Data records »
━━━━━━━━━━

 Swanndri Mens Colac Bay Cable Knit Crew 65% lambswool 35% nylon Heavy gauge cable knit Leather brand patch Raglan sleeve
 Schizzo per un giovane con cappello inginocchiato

━━━━━━━━━━

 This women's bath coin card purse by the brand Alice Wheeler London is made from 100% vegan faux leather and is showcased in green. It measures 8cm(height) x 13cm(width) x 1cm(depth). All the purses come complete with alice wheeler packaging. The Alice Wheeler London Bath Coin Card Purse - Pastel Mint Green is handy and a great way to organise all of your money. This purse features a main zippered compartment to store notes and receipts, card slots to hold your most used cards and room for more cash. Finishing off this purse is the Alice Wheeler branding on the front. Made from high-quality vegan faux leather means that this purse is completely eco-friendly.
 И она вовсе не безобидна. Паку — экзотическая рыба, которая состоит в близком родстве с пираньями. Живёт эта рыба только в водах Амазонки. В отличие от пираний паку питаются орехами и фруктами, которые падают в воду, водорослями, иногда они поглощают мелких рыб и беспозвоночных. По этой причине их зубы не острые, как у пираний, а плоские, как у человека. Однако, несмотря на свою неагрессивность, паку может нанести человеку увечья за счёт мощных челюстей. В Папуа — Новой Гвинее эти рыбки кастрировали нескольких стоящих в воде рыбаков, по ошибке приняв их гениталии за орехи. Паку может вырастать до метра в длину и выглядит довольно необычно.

━━━━━━━━━━

Required action » Working through the records, copy each line in which the word "brand" appears.

Answer area »
 Swanndri Mens Colac Bay Cable Knit Crew 65% lambswool 35% nylon Heavy gauge cable knit Leather brand patch Raglan sleeve
 This women's bath coin card purse by the brand Alice Wheeler London is made from 100% vegan faux leather and is showcased in green. It measures 8cm(height) x 13cm(width) x 1cm(depth). All the purses come complete with alice wheeler packaging. The Alice Wheeler London Bath Coin Card Purse - Pastel Mint Green is handy and a great way to organise all of your money. This purse features a main zippered compartment to store notes and receipts, card slots to hold your most used cards and room for more cash. Finishing off this purse is the Alice Wheeler branding on the front. Made from high-quality vegan faux leather means that this purse is completely eco-friendly.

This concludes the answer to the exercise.